Dlaczego karp a nie inna ryba? Trzeba podkreślić, że w Polsce tradycja jedzenia akurat karpia, jako tej głównej ryby, którą podaje się na wigilijnym stole, nie jest długa. Oczywiście należy wspomnieć, że wigilia, zgodnie z tradycją chrześcijańską jest dniem postnym i wymaga posiłków bezmięsnych, a ryba za mięso uznawana nie jest, dlatego właśnie spożywamy ją dwudziestego czwartego grudnia, podczas tej wyjątkowej kolacji. Ryba jest również symbolem Jezusa, co tylko podkreśla religijny i wzniosły charakter tego dnia.

Ryba od wieków była daniem, które podawało się tradycyjnie na wigilii, ale dlaczego akurat karp? W Polsce gatunek ten na wigilijne stoły wprowadzono szturmem w PRL-u. Była to część propagandy, która zaczęła się w latach 50. dwudziestego wieku. Karp jest rybą stosunkowo tanią i łatwą w hodowli, stąd też pojawił się pomysł, żeby w czasach niedostatku wprowadzić ją do diety Polaków. W 1947 pojawiło się nawet hasło propagandowe: „Karp na każdym wigilijnym stole”. Od tego czasu karp zaczął królować na wigilijnych stołach milionów Polek i Polaków i króluje na tych stołach do dziś.

Na czym smażyć karpia?

Karp jaki jest każdy widzi, chciałoby się rzec, ale jeśli chcemy, żeby wyszedł idealnie i zachwycał nasze podniebienia swoim smakiem, musimy pamiętać o kilku ważnych rzeczach przy jego obróbce.

Zacznijmy od tego, że absolutnie nie każdy olej czy tłuszcz nadaje się do smażenia karpia. Na pewno NIE powinniśmy smażyć karpia na:

  • oliwie z oliwek – ma niski punkt dymienia (ok. 160–190°C) i intensywny, oliwkowy smak. Jedno i drugie nie służy karpiowi. Niski punkt dymienia powoduje, że ryba szybko się przypali, wydzielając przy tym szkodliwe dla zdrowia substancje, a mocny smak oliwy zdominuje smak karpia.
  • olejach nierafinowanych (lnianym, kokosowym) – oleje te mają niski punkt dymienia i intensywny, specyficzny smak, co negatywnie wpłynie na smażenie ryby.
  • maśle i margarynie – karpia lepiej nie smażyć na zwykłym maśle, a już na pewno zapomnijmy o smażeniu go na margarynie!

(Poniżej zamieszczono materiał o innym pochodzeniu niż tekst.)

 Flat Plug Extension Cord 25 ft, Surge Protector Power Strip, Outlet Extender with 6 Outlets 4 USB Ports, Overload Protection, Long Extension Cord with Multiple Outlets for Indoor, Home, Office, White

Nie nadaje się ona do smażenia.
  • smalcu – z uwagi na postny charakter wigilii, absolutnie należy zrezygnować ze smalcu jako tłuszczu do smażenia ze względu na to, że jest to oczywiście tłuszcz pochodzenia zwierzęcego.

Wiemy już na czym nie smażyć, zatem przejdźmy do konkretów. Karp już przygotowany, posolony, obtoczony w mące, jajku i bułce tartej – słowem, opanierowany. Co dalej? Jakiego tłuszczu możemy użyć (oraz ile tego tłuszczu wlać na patelnię, żeby było dobrze)? Z pomocą przychodzi nam stary, dobry olej rzepakowy. Jest wręcz idealny do smażenia ryby. Dlaczego? Ma wysoki punkt dymienia (około 204–240°C) co sprawia, że nie pali się w wysokich temperaturach i jest bezpieczny dla zdrowia. Ma neutralny smak, czym nie wpływa na docelowy smak ryby. I co najważniejsze jest powszechnie dostępny i w dobrej cenie.

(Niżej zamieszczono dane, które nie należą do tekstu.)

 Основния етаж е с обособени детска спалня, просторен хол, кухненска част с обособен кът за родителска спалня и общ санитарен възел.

Możemy się również pokusić o smażenie na maśle klarowanym, bo również ma wysoki punkt dymienia (około 250°C) i bogaty, maślany smak, co doda wyrazistości karpiowi. Kolejnym wyborem może być olej słonecznikowy z punktem dymienia prawie równie wysokim jak olej rzepakowy (ok. 227°C), ale przy tym intensywniejszym smakiem, co może nadać inny posmak rybie i sprawić, że nie trafi w gusta każdego.

Jak smażyć karpia?

Jedynym słusznym wyborem na smażenie karpia wydaje się być zatem klasyczny olej rzepakowy. Jeśli robimy to na patelni, to oleju powinno być tyle, żeby kawałki ryby były lekko zanurzone. Sprawi to, że karp usmaży się równomiernie, a panierka nie będzie odpadać.

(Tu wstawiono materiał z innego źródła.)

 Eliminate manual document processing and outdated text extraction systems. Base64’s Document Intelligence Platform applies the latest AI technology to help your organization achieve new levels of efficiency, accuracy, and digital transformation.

Zdrowszą alternatywą dla smażenia na patelni będzie upieczenie karpia w piekarniku. Przygotowanie surowej ryby jest takie samo, ale zamiast smażyć na tłuszczu, układamy kawałki na blasze wyłożonej papierem do pieczenia, na górę kładąc odrobinę masła lub skrapiamy je olejem, żeby je natłuścić. Nastawiamy piekarnik na 180–200°C. Rybę wkładamy, gdy piekarnik będzie już nagrzany. Pieczemy ok. 30-40 min, w zależności od grubości kawałków. Kiedy ryba będzie miękka a panierka zarumieniona, oznacza to, że jest już gotowa.